Overnight, the boycott became free publicity. From what I read, Bokku Mart gained thousands of followers. Shoppers queued for its bread and groceries. The slur that should have humbled a brand ended up boosting its visibility.
It’s an irony that says a lot about who we are becoming: a people more loyal to their tribe than to the truth.
The difference between a civil society and a dangerous one lies in how it reacts to its own ugliness. Mature democracies understand this, which is why public figures who make racist or bigoted remarks are expected to resign or apologise. This is not necessarily because everyone believes in their sincerity, but because the act itself reaffirms a moral boundary.
Those rituals matter. They remind society that certain things are never acceptable, no matter who says them.
Nigeria desperately needs that line again.
When brands like Bokku cross boundaries or when politicians erase them, it falls to ordinary citizens like us to redraw them. To insist that we can disagree politically or culturally without resorting to ethnic hatred.

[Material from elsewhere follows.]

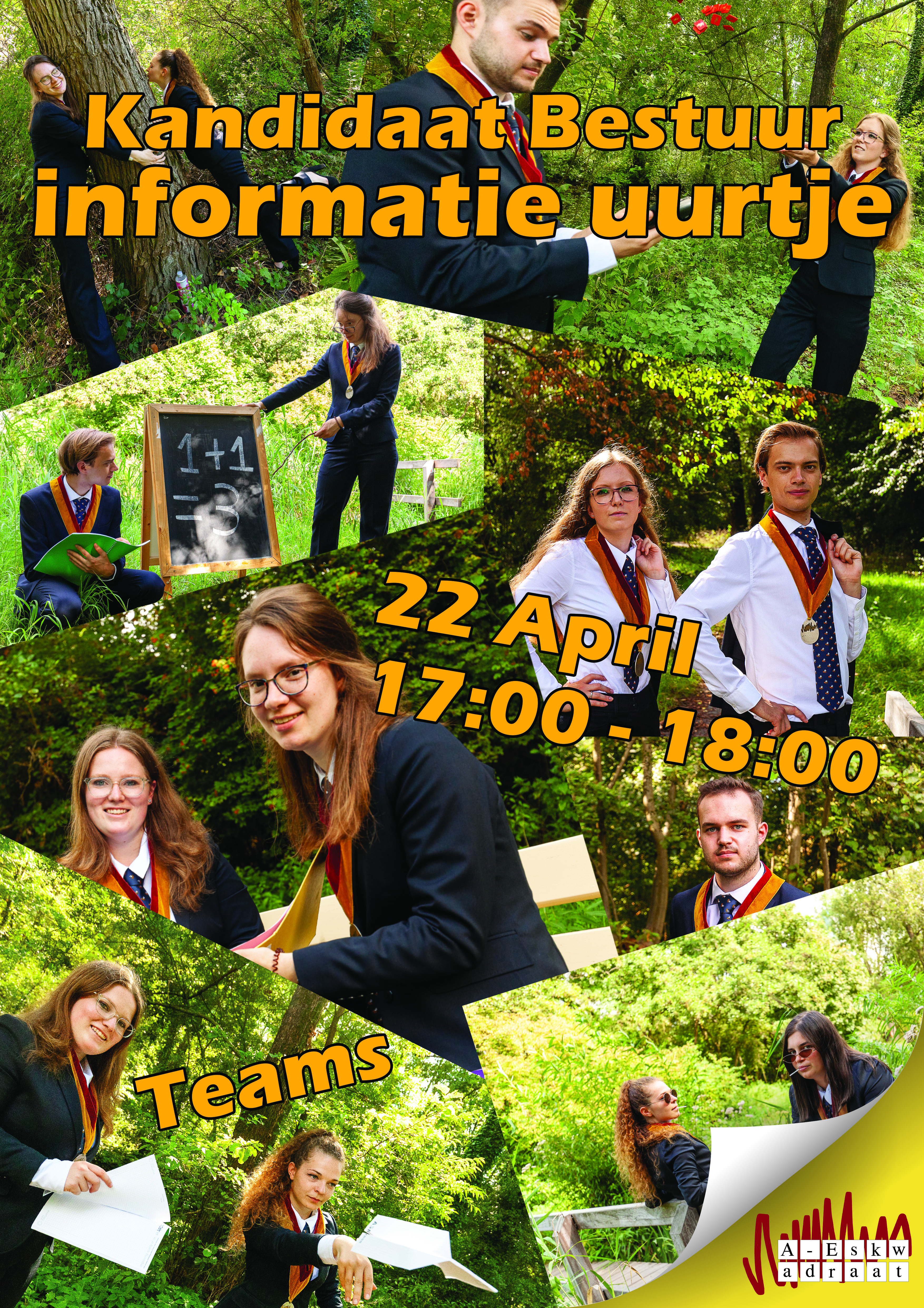 Do you want to know what the board does on an average day, or do you want to know what you can learn en expect during a board year? Join us digitally during the board information hour, where multiple (former) board members share their experience, and where there is enough time to ask any questions you want! Hopefully we see you there!

The actual test of Nigeria’s unity is not in singing the anthem together during Super Eagles matches or flying the same flag during Independence Day celebrations. It is in whether we can resist the temptation to dehumanise one another in moments of anger.
The Bokku case should never have happened, but now that it has, it must serve as a national reminder that bigotry is not culture. It is cowardice disguised as pride.
And no matter how many followers it wins on social media, it will always make the country poorer.
Because a nation cannot prosper when its people see each other as enemies.